Если снаружи это был просто дом, то внутри – нечто среднее между аптекой, лабораторией и полевым госпиталем! Воздух был густым, наполненным ароматами сотен трав, которые висели пучками под потолком, сушились на сетках и хранились в глиняных горшках. Вдоль стен стояли полки, заставленные склянками, пузырьками, коробочками из коры. В большом очаге кипело несколько котлов, издавая разноцветный пар.

Но главное – здесь были люди. А я то думал, что она затворница., но на нескольких лавках, застеленных шкурами, лежали больные и раненые викинги. Один, с перевязанной головой, тихо стонал во сне. Другому, молодому парню с чудовищным ожогом на руке, Альма как раз меняла повязку. Еще двое, старик и женщина, просто сидели, ожидая своей очереди, и пили что-то из деревянных чашечек. Т-ц, клиника, блин.

Альма даже не повернулась в мою сторону, полностью сосредоточившись на работе. Она была маленькой, высохшей, как старый гриб, старухой. Ее лицо было покрыто такой густой сетью морщин, что казалось, будто оно вырезано из дерева. Но ее руки… двигались с поразительной точностью и уверенностью. Она аккуратно сняла старую повязку, пропитанную какой-то зеленой мазью, промыла ожог отваром и наложила свежий слой мази из глиняной плошки.

– Готово, воин, – сказала она парню. – Еще пару дней, и сможешь снова свой топор в руках держать. Но не раньше.

Парень благодарно кивнул и ушел. Только тогда она обернулась ко мне. Ее выцветшие, почти бесцветные глаза, казалось, заглядывали мне прямо в душу.

– Пришел, значица, знахарь-чужак, – проскрипела она. – Я ждала тебя, самозванца.

– Ждали? – удивился я.

– Слухи в нашей деревне бегут быстрее ветра.
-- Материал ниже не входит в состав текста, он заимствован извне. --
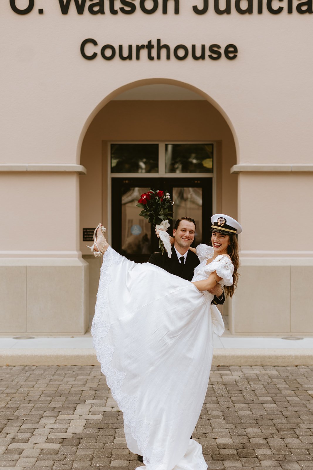 For couples drawn to something simple, meaningful, and effortlessly timeless, the St. Johns County Courthouse is a beautiful choice. Its grand columns and historic architecture bring a quiet sense of significance to your ceremony, creating an elegant, no-frills backdrop that photographs beautifully.

Я уже знаю, что ты сделал с быком вождя. Смело. И глупо.

Она указала на скамью у стены.

– Садись. Говори, зачем пришел. Только быстро. У меня дел по горло.

Я сел, собираясь с мыслями.

– Я пришел за советом, – начал я. – Я сделал все, что мог, чтобы спасти быка. Зашил раны, остановил кровь. Но я боюсь заражения. Я использовал медовуху как антисептик, но этого может быть мало. У вас… есть травы, которые могут помочь? Что-то, что борется с заразой изнутри?

Пытался сформулировать мысль так, чтобы она была понятна знахарке, и дополнил.

– Мне бы хоть что-то с природными антибиотическими свойствами. Что-то вроде… чеснока, коры дуба, ромашки… или хотя бы мох. Сфагнум. Он должен у вас расти на болотах, он отлично впитывает гной и обеззараживает.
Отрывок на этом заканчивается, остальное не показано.